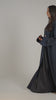 Cut: Kimono-inspired abaya with wide sleeves and open front.
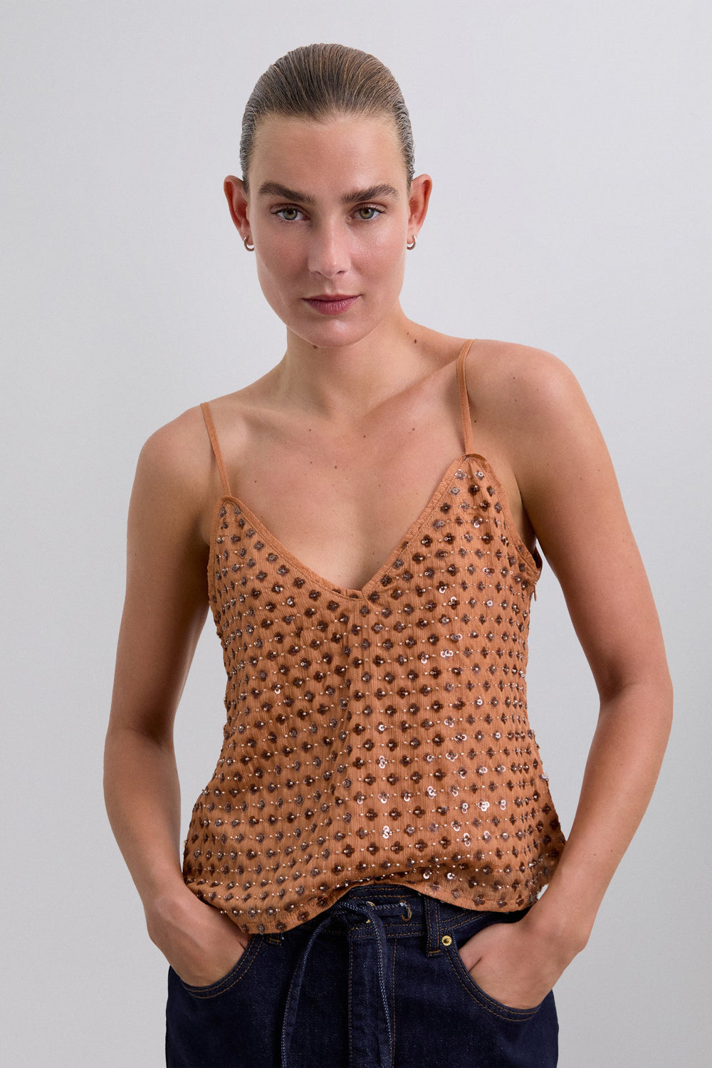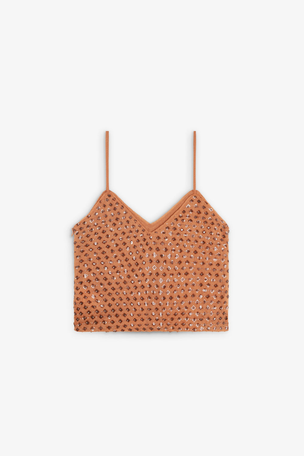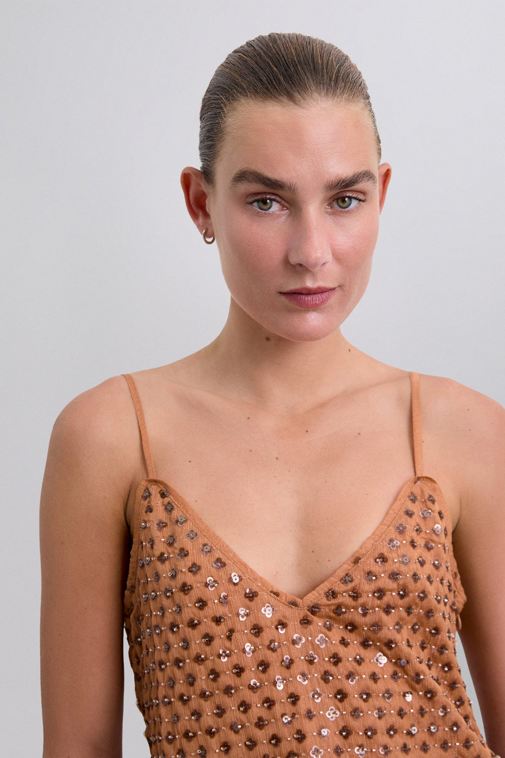 Top mit V-Ausschnitt und schmalen Trägern. Mit Paillettenapplikation. Seitlicher Reißverschluss.
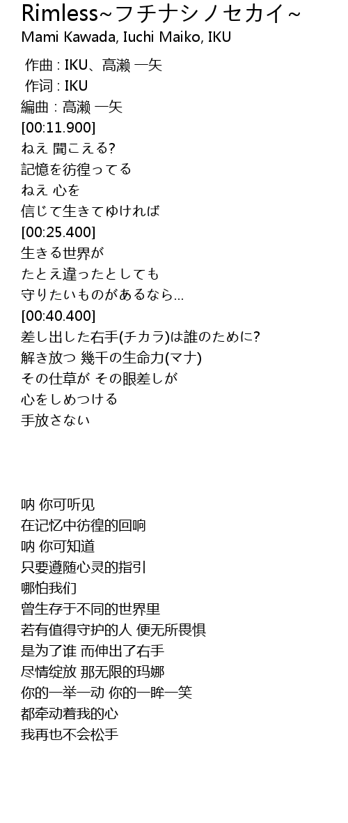 | [00:00.00] | 作曲 : IKU、高濑 一矢 |
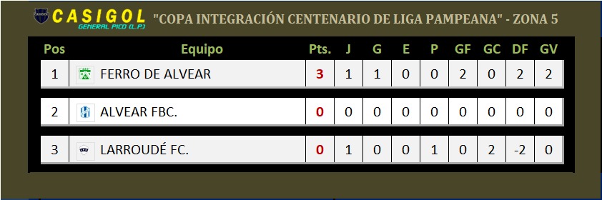 La Copa Integración "Centenario de Liga Pampeana", tuvo actividad en las ocho zonas que la componen. Anoche movió en esta particular competencia la zona 5, con el encuentro  entre Larroudé FC. (hizo las veces de local en el "11 de julio") y Ferro de Alvear.

AIM OF THE TASK — Repeat the data word for word, excluding any image.

OUTPUT BELOW —
 Cut: Kimono-inspired abaya with wide sleeves and open front.
 Top mit V-Ausschnitt und schmalen Trägern. Mit Paillettenapplikation. Seitlicher Reißverschluss.
 | [00:00.00] | 作曲 : IKU、高濑 一矢 |
 La Copa Integración "Centenario de Liga Pampeana", tuvo actividad en las ocho zonas que la componen. Anoche movió en esta particular competencia la zona 5, con el encuentro  entre Larroudé FC. (hizo las veces de local en el "11 de julio") y Ferro de Alvear.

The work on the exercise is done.